_Work order_:
Every line below from the one with "Soldar los ánodos" through the one with "Stenströms smokingskjorta i" should be retyped exactly, both ends included; no other lines and no pictures.

Data extracts START

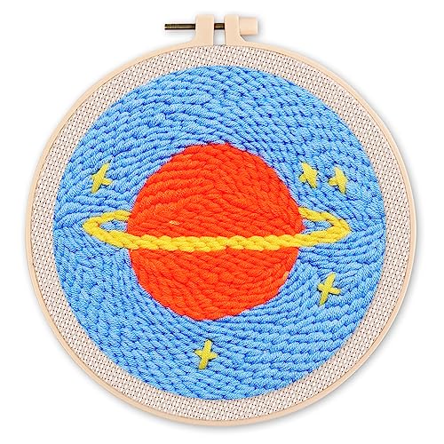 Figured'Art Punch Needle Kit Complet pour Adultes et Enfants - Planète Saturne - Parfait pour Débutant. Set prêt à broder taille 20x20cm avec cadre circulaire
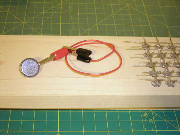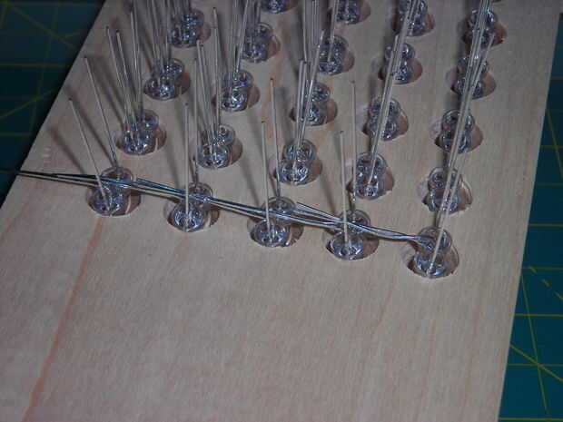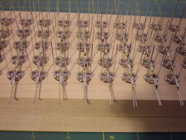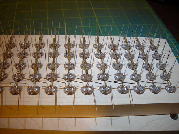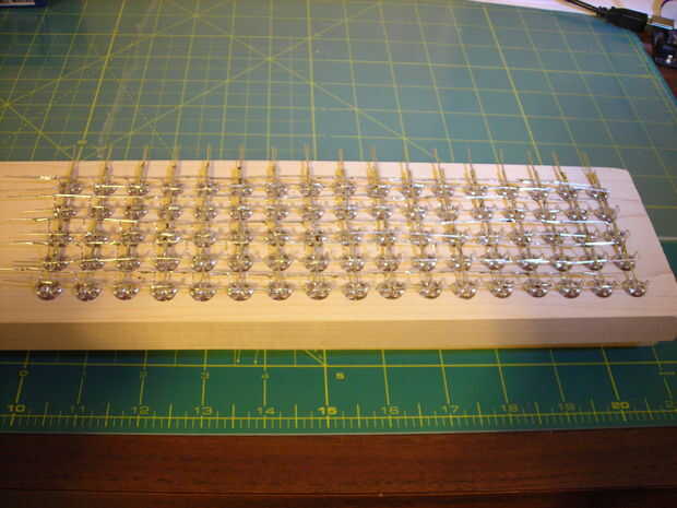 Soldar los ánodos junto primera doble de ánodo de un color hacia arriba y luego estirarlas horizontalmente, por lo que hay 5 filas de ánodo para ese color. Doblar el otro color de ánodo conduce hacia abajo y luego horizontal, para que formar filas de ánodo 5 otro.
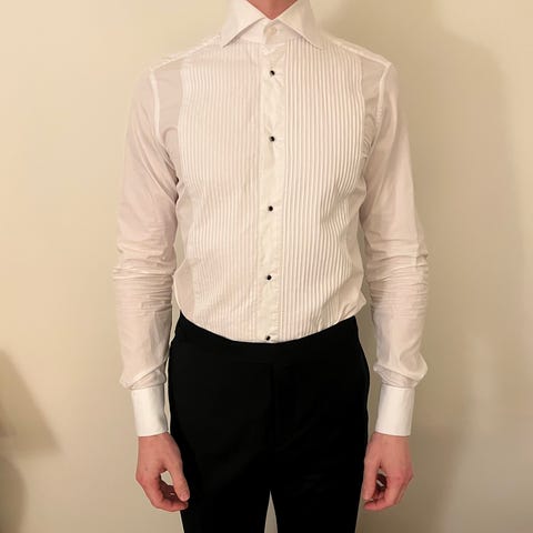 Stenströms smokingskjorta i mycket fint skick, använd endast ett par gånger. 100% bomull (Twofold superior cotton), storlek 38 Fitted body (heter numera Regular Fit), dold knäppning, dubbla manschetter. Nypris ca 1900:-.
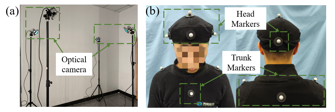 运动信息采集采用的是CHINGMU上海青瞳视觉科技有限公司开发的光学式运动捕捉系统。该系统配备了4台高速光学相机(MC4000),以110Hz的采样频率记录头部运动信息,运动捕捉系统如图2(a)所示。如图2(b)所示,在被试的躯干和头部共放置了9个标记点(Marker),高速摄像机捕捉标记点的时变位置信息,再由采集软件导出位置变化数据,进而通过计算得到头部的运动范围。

Data extracts END
Data extracts START

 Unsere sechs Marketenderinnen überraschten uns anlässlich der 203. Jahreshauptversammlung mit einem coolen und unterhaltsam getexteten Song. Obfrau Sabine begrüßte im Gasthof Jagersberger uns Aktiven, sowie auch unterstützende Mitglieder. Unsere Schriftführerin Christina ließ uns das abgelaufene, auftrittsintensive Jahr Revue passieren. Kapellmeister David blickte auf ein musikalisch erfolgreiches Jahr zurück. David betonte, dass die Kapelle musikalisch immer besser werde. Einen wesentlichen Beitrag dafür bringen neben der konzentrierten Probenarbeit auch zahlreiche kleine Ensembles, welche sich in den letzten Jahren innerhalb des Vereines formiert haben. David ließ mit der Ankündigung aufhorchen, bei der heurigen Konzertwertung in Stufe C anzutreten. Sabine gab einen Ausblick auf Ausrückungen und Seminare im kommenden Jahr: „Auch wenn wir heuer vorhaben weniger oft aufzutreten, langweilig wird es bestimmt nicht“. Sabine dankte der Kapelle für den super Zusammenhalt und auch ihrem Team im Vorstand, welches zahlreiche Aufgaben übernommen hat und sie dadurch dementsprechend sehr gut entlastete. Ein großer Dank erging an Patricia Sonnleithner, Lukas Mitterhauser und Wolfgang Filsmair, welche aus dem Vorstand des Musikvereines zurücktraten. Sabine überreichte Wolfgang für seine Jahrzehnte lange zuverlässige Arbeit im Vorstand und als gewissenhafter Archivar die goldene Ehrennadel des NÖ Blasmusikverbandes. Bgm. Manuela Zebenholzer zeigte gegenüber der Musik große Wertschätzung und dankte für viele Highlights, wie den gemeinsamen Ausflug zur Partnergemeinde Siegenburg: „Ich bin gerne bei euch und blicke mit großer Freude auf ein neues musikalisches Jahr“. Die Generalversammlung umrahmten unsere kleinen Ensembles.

Data extracts END
Data extracts START

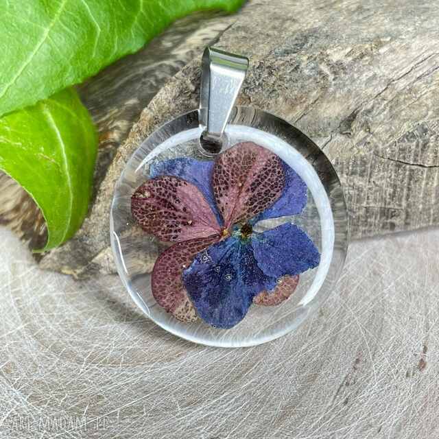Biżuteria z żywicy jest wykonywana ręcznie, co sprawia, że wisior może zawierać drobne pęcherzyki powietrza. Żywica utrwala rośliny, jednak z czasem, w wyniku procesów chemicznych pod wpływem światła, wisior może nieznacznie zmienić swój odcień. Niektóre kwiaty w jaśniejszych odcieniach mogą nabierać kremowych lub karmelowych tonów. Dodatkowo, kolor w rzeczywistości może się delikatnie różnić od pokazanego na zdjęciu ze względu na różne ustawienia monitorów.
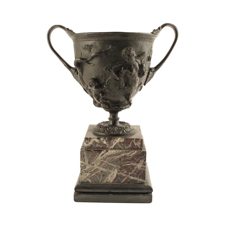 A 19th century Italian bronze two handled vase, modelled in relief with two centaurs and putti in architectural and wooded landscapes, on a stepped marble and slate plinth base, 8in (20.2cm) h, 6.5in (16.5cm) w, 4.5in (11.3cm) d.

Data extracts END

_Answer to the exercise_:
 Soldar los ánodos junto primera doble de ánodo de un color hacia arriba y luego estirarlas horizontalmente, por lo que hay 5 filas de ánodo para ese color. Doblar el otro color de ánodo conduce hacia abajo y luego horizontal, para que formar filas de ánodo 5 otro.
 Stenströms smokingskjorta i mycket fint skick, använd endast ett par gånger. 100% bomull (Twofold superior cotton), storlek 38 Fitted body (heter numera Regular Fit), dold knäppning, dubbla manschetter. Nypris ca 1900:-.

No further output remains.